Along with doctors talking to doctors, there is my job as a patient, being forthright and upfront about new symptoms and things about my care that I don’t understand. And overall, I think I do a pretty good job of communicating with individual members of my team.

But I’m not one of those patients who has been in the system long enough to take my own vital signs and immediately know when something is a problem. I’ve only recently been able to really recognize a flare.

I guess it’s hard, too, when there is no real “leader” of this team. My general practitioner is extremely helpful with offering advice, but in terms of the care I receive, that mostly comes from my rheumatologist.

But I definitely feel like often times, lines get crossed between doctors and I am the one forced to untangle them. As one can imagine, this isn’t always easy.

So, other than somehow forcing our doctors to sit in the same room together and discuss our health care, how do we fill this void, making it as simple as possible for both patients and doctors?

Three Weeks, Four Doctors Appointments Later, and Three Pounds Lighter

Yeah, the title of this post pretty much sums up the last few crazy weeks.

Being off the CellCept, the itching got worse.

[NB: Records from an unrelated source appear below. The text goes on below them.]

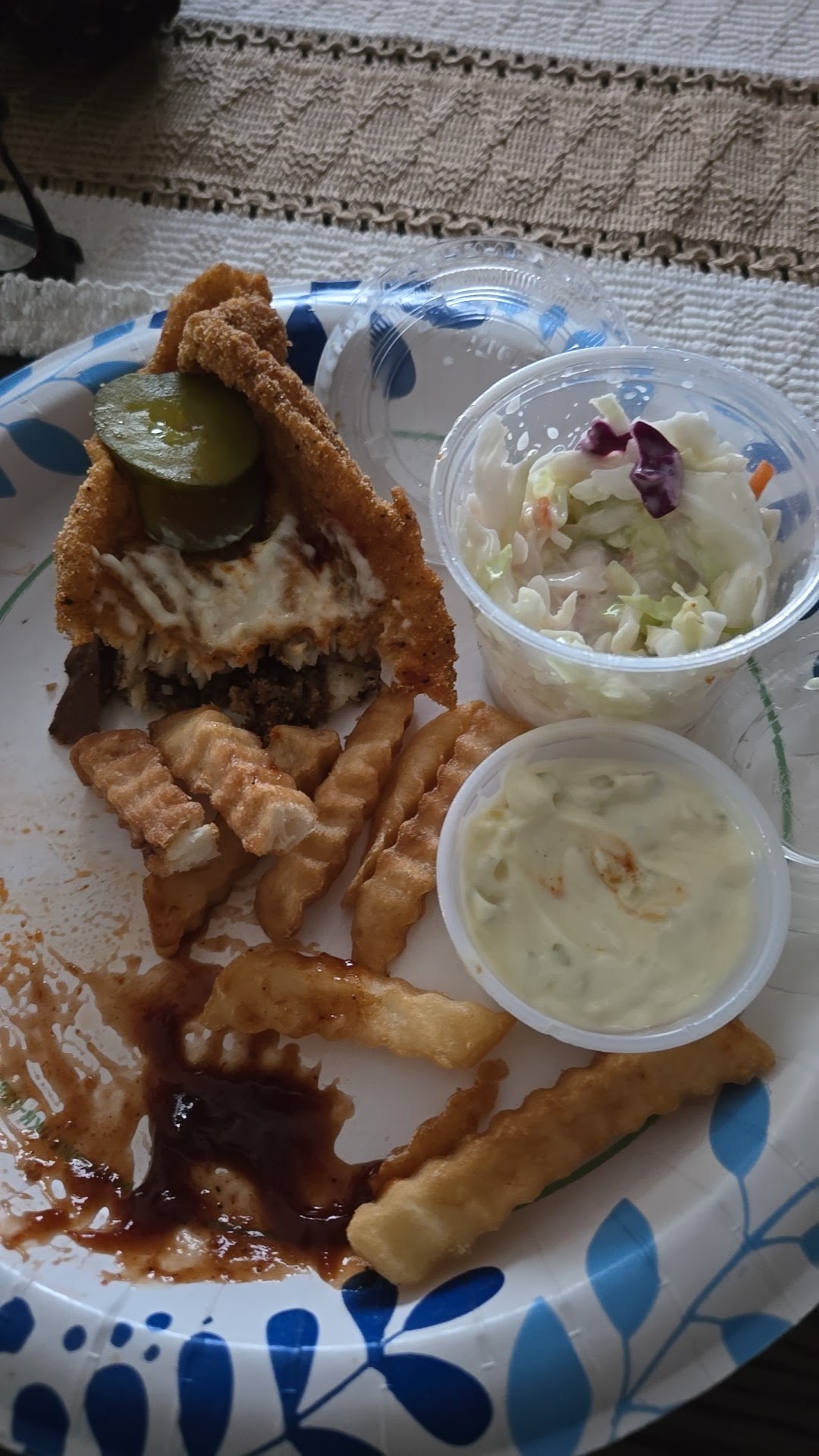 I tried the green chili. It was so flavorful and had protein in the cannoli beans. It's in a nice homemade chicken broth. It was not spicy but it was flavorful. We tried pork tenderloin horseshoe. It was moist and crunchy. Instead of fries we got homemade tater tots. Those are wonderful. I tried a brisket patty melt. So good delicious moist. I got half French fries and half homemade onion rings. And of course being the Springfield girl I had to have a side of the white cheese sauce. It is made with real monterey jack and real milk. Smooth wonderful texture and taste. Everything there is homemade. The owner was so nice and talked to us for quite a bit. Compared recipes. She has deep fried ribs. She has specials everyday. You can get the burnt ends of fajitas meat everyday. Large smoker in the back. Great place to go definitely...
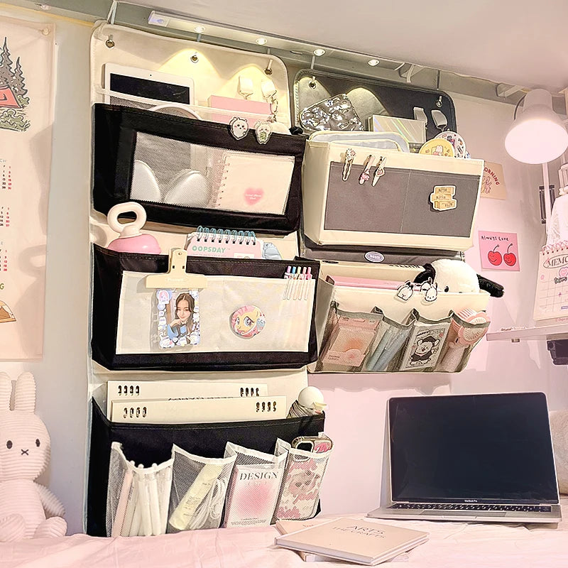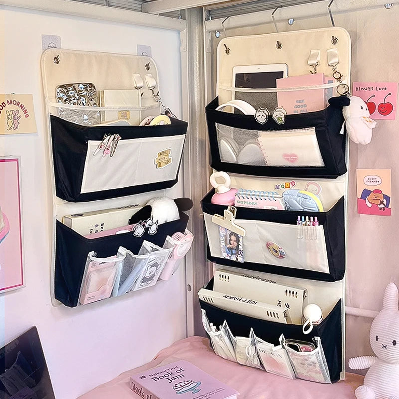 Yeknu Multi-layer Fabric Storage Hanging Bag Organizer Large Capacity Pockets Foldable Sundries Stationery Jewelry Hanging Holder
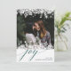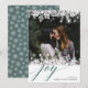 El diseño elegante y moderno de las tarjetas de vacaciones incluye tu foto favorita enmarcada en la parte superior e inferior por un borde de ilustraciones blancos de copos de nieve. "Alegría" aparece debajo de la letra de moda caligráfica. Personalice el saludo de su personalizado y los nombres en la parte inferior derecha. Las tarjetas cambian a un patrón de copos de nieve coincidente en verde abeto rico.
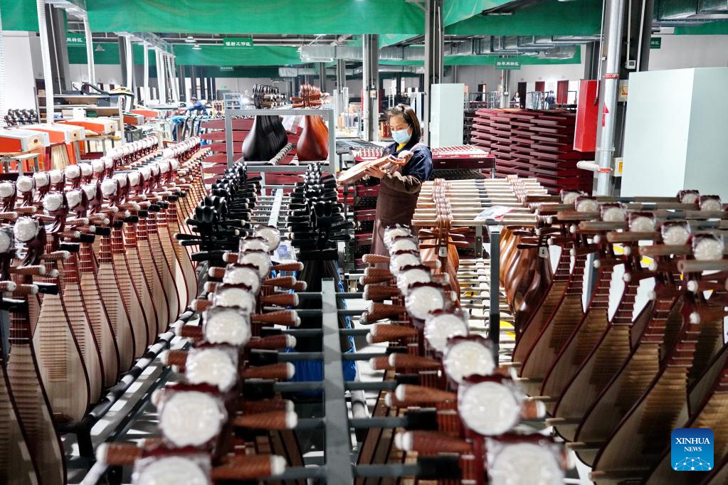 More than 800,000 Chinese traditional musical instruments are produced annually by over 70 plants in the county. (Xinhua/Mu Yu)
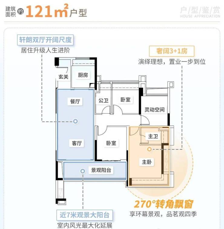121㎡奢闊戶型 近7米大陽台 置業一步到位
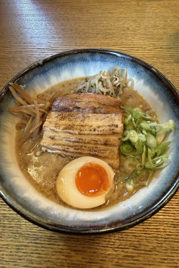 The ramen has to be good, right? It’s half of their name. It is. Creamy, unctuous stock full of collagen and other wobbly bits, lifted by the tare, it tastes like it’s the work of a patient hand like all good ramen does. The noodles are good, the egg is good, the pork is very good. It’s a solid eight-out-of-ten ramen, destined to be the go-to ramen in a city that didn’t do it that great previously. I have the katsu again. It’s good katsu. Lovely deep curry sauce that more than makes up for the slightly spongey bigger pieces of chicken. I think I’ll eat the katsu quite a bit this summer because, as Omar correctly points out, eating ramen outside on a hot day is plain weird. That said, and this is a very public beg, please put the chicken tantatam on and you’ll see me all of the time.
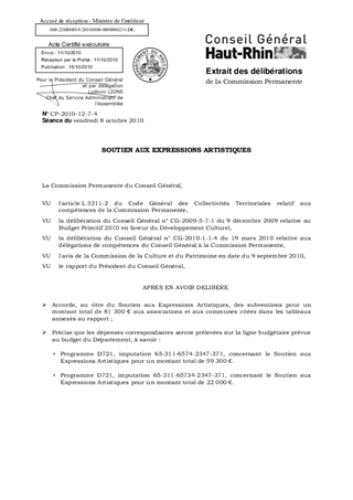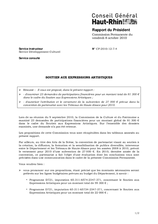 Il vous est proposé, dans le présent rapport : - d'examiner 23 demandes de participations financières pour un montant total de 81 300 € dans le cadre du Soutien aux Expressions Artistiques ; - d'autoriser l'attribution et le versement de la subvention de 27 000 € prévue dans la convention de partenariat avec les Tréteaux de Haute-Alsace pour 2010.
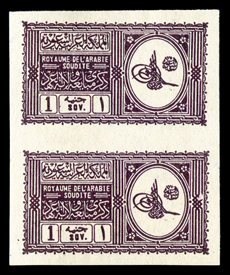 925 og 149 Image#149, 1934 1s Violet brown, vertical pair, imperforate, fresh color on crisp white paper, slightly disturbed o.g., very fine; key high value of the first postage stamp set of the Kingdom of Saudi Arabia. (Image) $2,150.00+
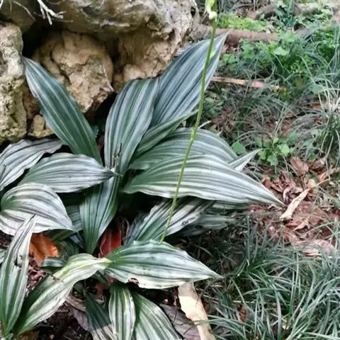 银带虾脊兰:植株无明显的根状茎。假鳞茎粗短,近圆锥形,粗约1.5厘米,具2-3枚鞘和3-7枚在花期…
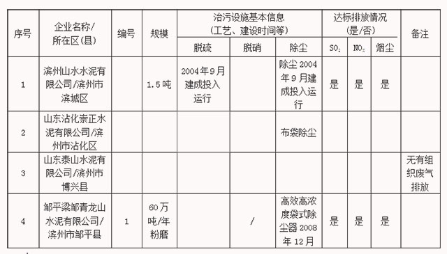山東省濱州市落實(shí)《山東省區(qū)域性大氣污染物綜合排放標(biāo)準(zhǔn)》2016年12月份執(zhí)行情況“雙曬”清單已經(jīng)公布。其中含四家水泥企業(yè): 1 濱州山水水泥有限公司 2 山東沾化崇正水泥有限公司 3 山東泰山水泥有限公司 4 鄒平梁鄒青龍山水泥有限公司
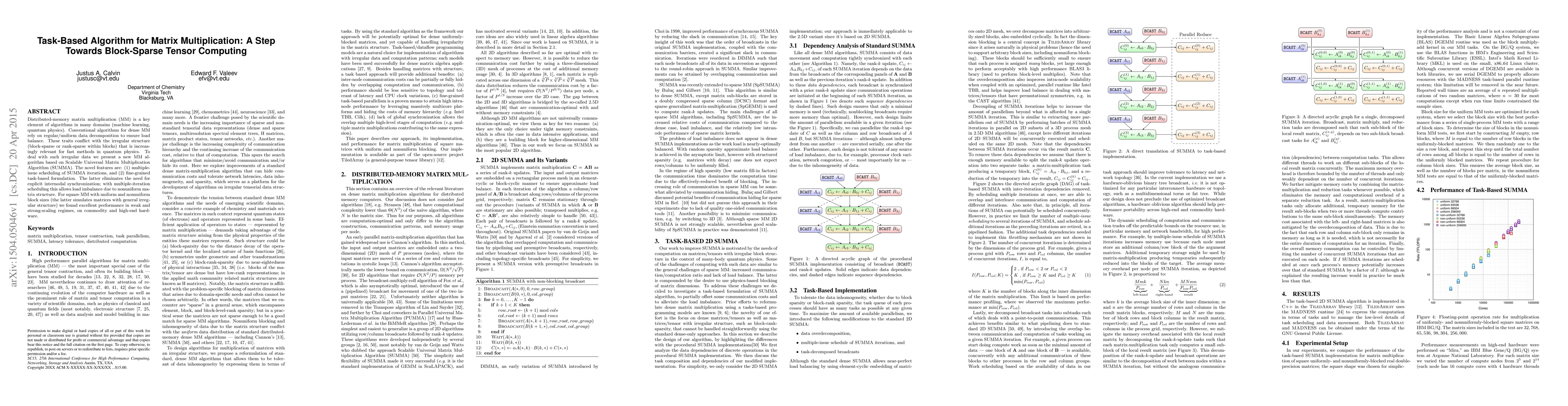 This paper introduces a task-based algorithm for distributed-memory matrix multiplication based on SUMMA, designed to handle irregular block-sparse data structures. It features multiple-issue scheduling and fine-grained task formulation, achieving excellent performance across various hardware and scaling regimes.
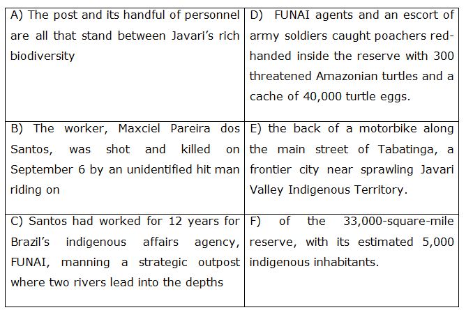 From the given options only A-F, B-D is matched and make a meaningful sentence. The correct answer after matching will be
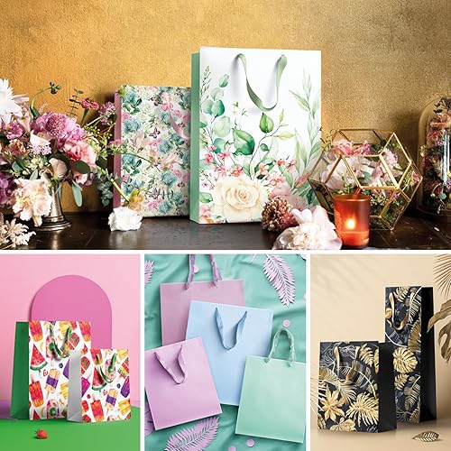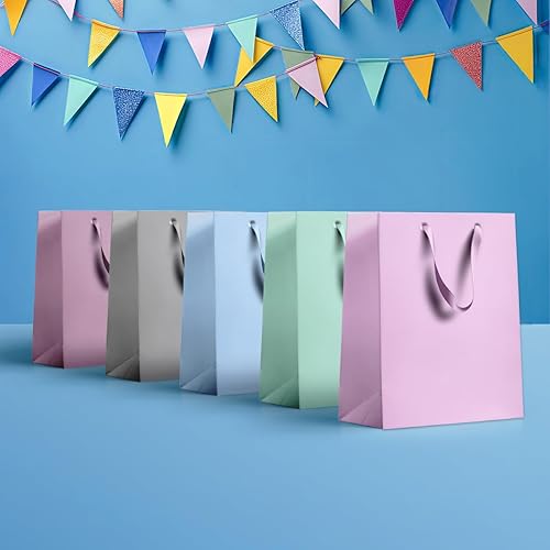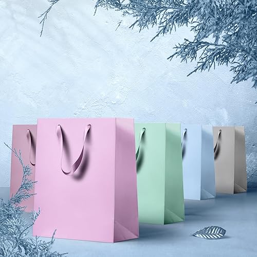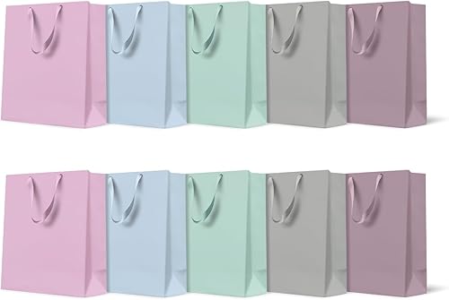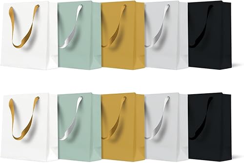PAW - Sacs cadeaux 20 x 25 x 10 cm – Lot de 10 Sacs Cadeaux avec Anse en Tissu | Mélange de 5 couleurs Unies | Sacs élégants pour Anniversaires, Mariages, Fêtes Prénatales, Fêtes et Cadeaux
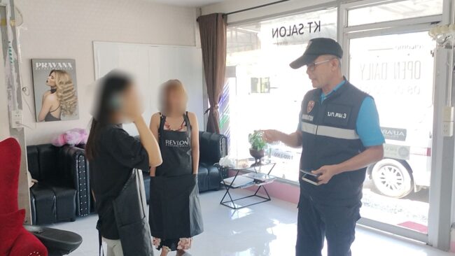 **** โดยเมื่อวันที่ 7 กรกฎาคม 2566 เจ้าหน้าที่ตรวจคนเข้าเมืองสมุทรปราการ ได้นำกำลังตรวจสอบต่างด้าวในพื้นที่ จากกรณีมีประชาชนให้เบาะแสร้องเรียนว่ามี ร้านเสริมสวย 2 แห่ง ที่ อำเภอบางเสาธง จังหวัดสมุทรปราการ มีคนต่างด้าวทำงานเป็นช่างเสริมสวยอยู่ภายในร้าน ซึ่งเป็น อาชีพที่ต้องห้ามสงวนไว้ให้กับคนไทยเท่านั้น จึงได้บูรณาการร่วมกับ จัดหางานจังหวัดสมุทรปราการ เข้าตรวจสอบ โดยให้เจ้าหน้าที่แฝงตัวเข้าไปใช้บริการเสริมสวย
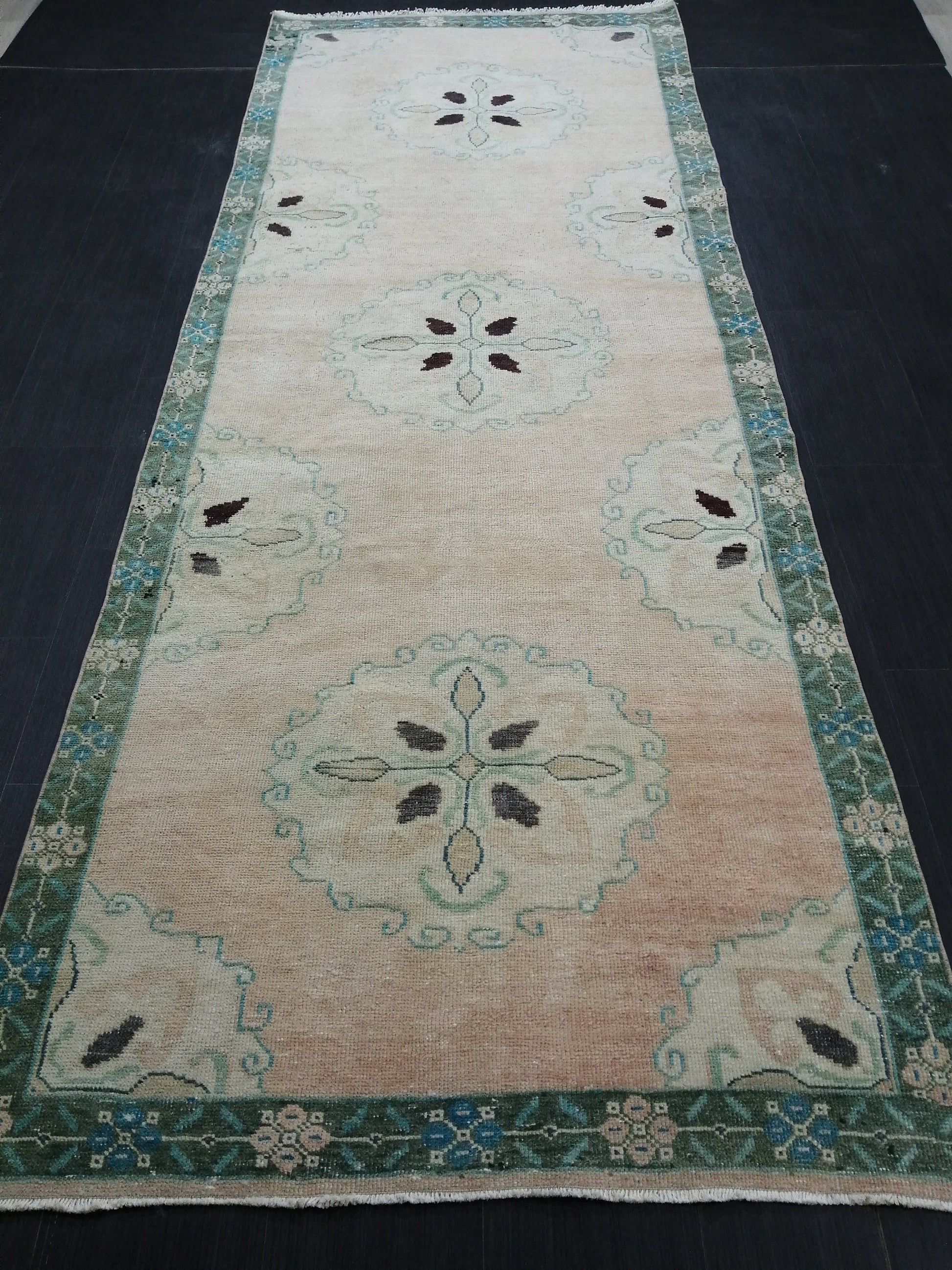 Muted Vintage Runner Rug Turkish Runner Rug Vintage Runner 4x11 Rug Hallway Runner Rug Kitchen Runner Rug Wool Runner Rug Floral Runner Rug

So I went in to see Doctor C, who put me on Zyrtec and back on the CellCept and took me off the hydroxychloroquine, because apparently itching can “rarely” be caused by it. Since when has Doctor C known my body to do normal (as in not rare) things?

It was, as per usual, a very weird appointment. I felt like I was being tested, being asked trick questions.

Doctor C: How much prednisone are you on?
Me: None.
Doctor C: Right answer.

Uh, right answer yourself. I’ve only been telling Doctor C I wanted off since January! And what, was I going to get addicted to one milligram of prednisone? I don’t think so.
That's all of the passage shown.